Description
Investment Summary:
HCA is the leading hospital management company based in Nashville, TN. The company operates 173 hospitals and 74 freestanding surgery centers primarily located in urban areas throughout the southern and western states, and generated $19.7 billion in revenues in 2002. Currently the company manages about 41,000 beds, providing medical care to 1.6 million hospital patients while also providing substantial outpatient services (in 2002, outpatient revenue was 37% of total revenue).
HCA’s shares have declined from a 52-week high of $52/share in November, 2002, based on significant negative news from a competitor (and the resulting change in Medicare billing practices), weaker than expected patient volumes in the first quarter, and concerns over the impact of the new drug-eluding stents on hospital revenues. Looking beyond the near-term concerns, HCA possesses a tremendous franchise with terrific assets that are vital to local communities, strong free cash flow generation, terrific returns on capital, favorable long-term growth prospects in an industry with terrific demographic trends for years to come.
Business Description:
For-profit hospital companies account for roughly 15% of the total U.S. hospital beds. HCA, as the market leader, operates about 50% more beds than their nearest competitor, Tenet Healthcare. Obviously, the industry is highly regulated with the U.S. government accounting for about 1/3 of total revenues to HCA.
HCA’s strategy has been to locate their facilities in urban areas where population growth is expected to exceed the national average over time. The company has also chosen to cluster multiple facilities within the same market such that scale benefits can be achieved through staffing, purchasing, billing, and capital spending. Another benefit of having a leading market share in a particular city is the ability to negotiate more favorably with the HMOs serving that area. Sharing services, gaining leverage in negotiations with HMOs, and understanding specific market issues are major advantages in favor of HCA in the future.

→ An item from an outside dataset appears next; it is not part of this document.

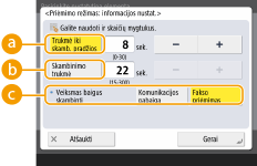Nurodykite laiką, po kurio suaktyvinamas gaunamos faksogramos garsinis signalas, kai gaunamas skambutis.
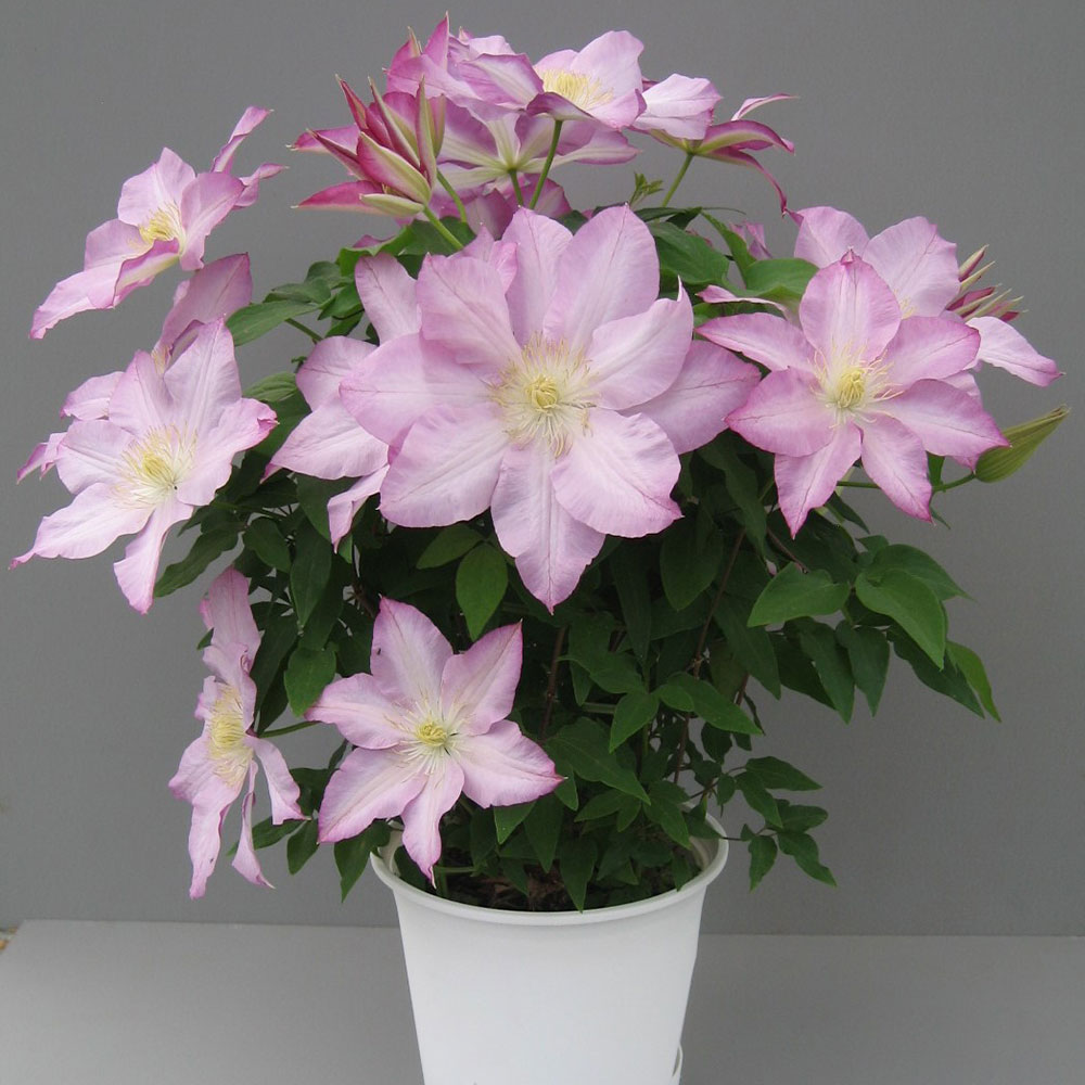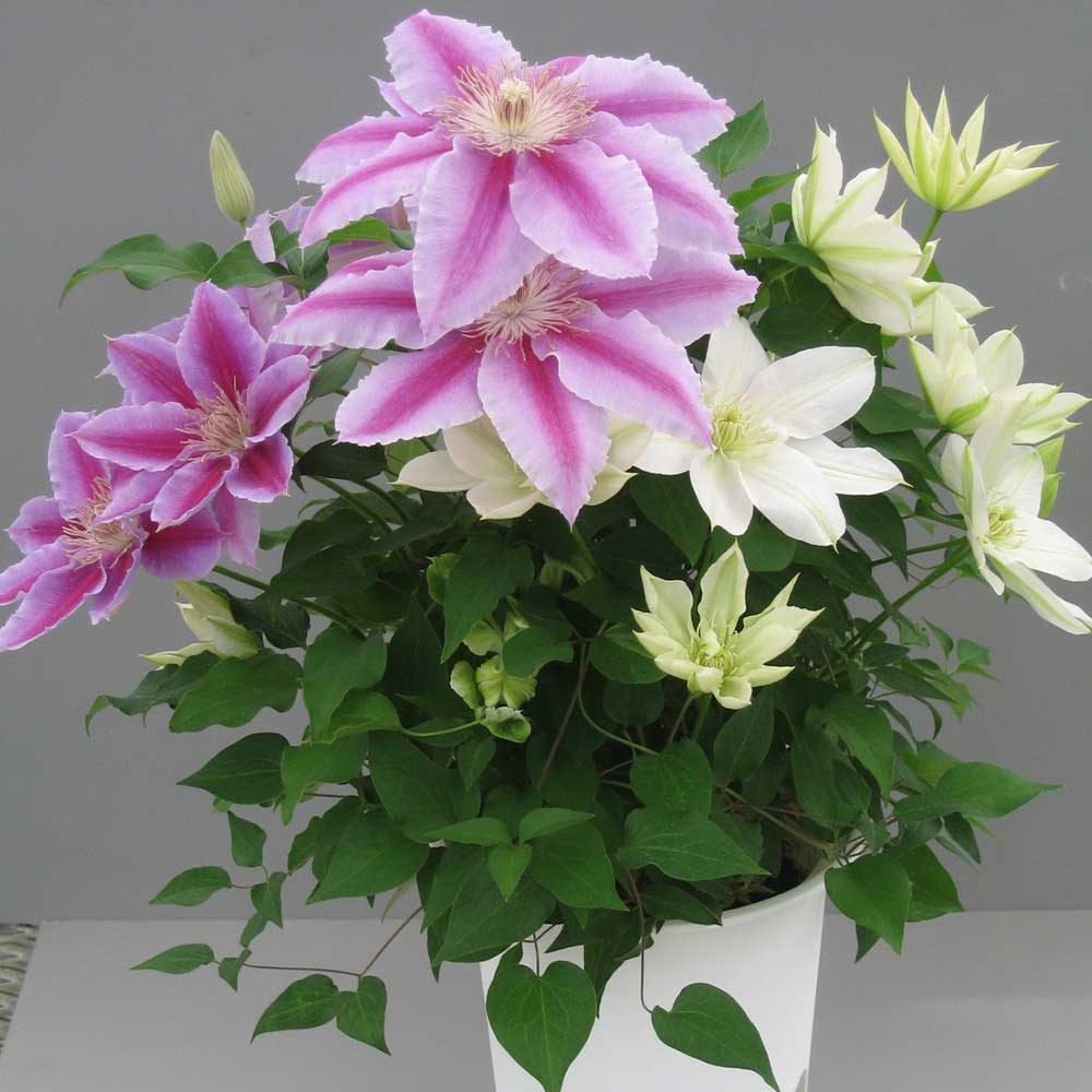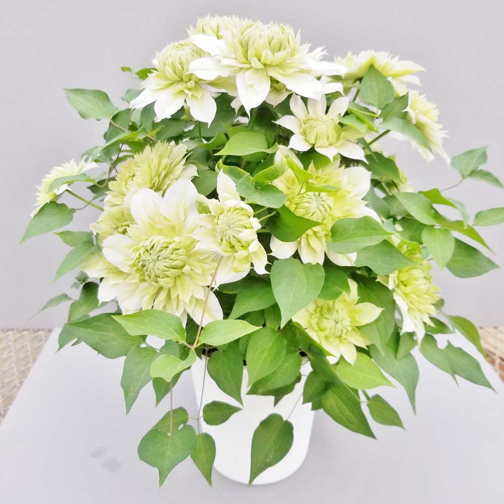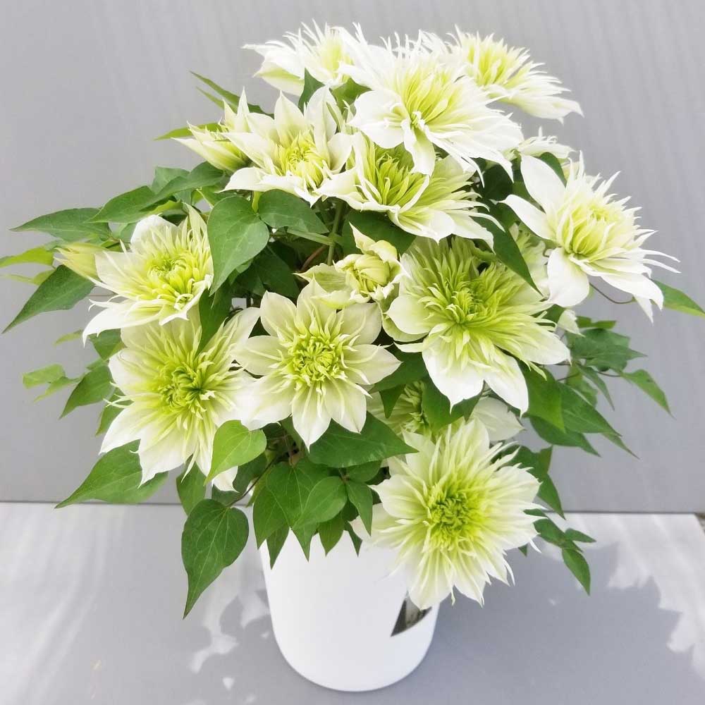 切り戻し後は地植えにするか、2回りほど大きな鉢に植え替えし、肥料をあげて明るい場所で管理するようにしましょう。新しいツルが伸びてその先端に花がつき、一番花ほど豪華ではありませんが二番花を楽しんでいただけます。

Recently, HCA’s chief competitor, Tenet Healthcare has been in the news for Medicare billing issues, management turmoil, and most recently for a major earnings warning. Tenet’s troubles began as they attempted to take advantage of a Medicare billing system called “outlier” payments that were designed to provide higher reimbursements to hospitals for severely ill patients. As a result of Tenet’s actions, Medicare has proposed some rule changes that will impact the ability for hospitals to collect outlier payments (not a terribly severe impact for everyone besides Tenet).
A secondary issue affecting the industry this year (at least through Q1) has been lower than expected patient volumes. Over the past 20 years, and through a number of cycles, industry revenue has grown roughly 7.5% each year. Through the first quarter, patient volumes were weaker than expected and short-term investors severely punished the stocks. It is impossible to precisely predict when volumes will pick up, but we know there is a tremendous demographic tailwind behind the industry over the next 25 years (hospital utilization among the baby boomer generation will begin to increase dramatically over the next decade). Once again, short-term investors have focused on this quarter’s volume numbers and fail to see the value in HCA’s franchise.
Importantly, HCA has an experienced, proven management team that is capable of creating significant shareholder value for investors. They also possess the scale and asset quality that will allow them to benefit from many years of future patient volume growth. These qualities may not exist inside the nearest competitor, so the risk associated with an HCA investment is substantially lower than the risk of investing in Tenet.
Valuation:
Currently, there are about 525 million shares outstanding at $31.65 each. The company also has just over $8 billion in debt assuming the entire Health Midwest acquisition was financed with debt. As a result, the enterprise value for the company is roughly $24.7 billion.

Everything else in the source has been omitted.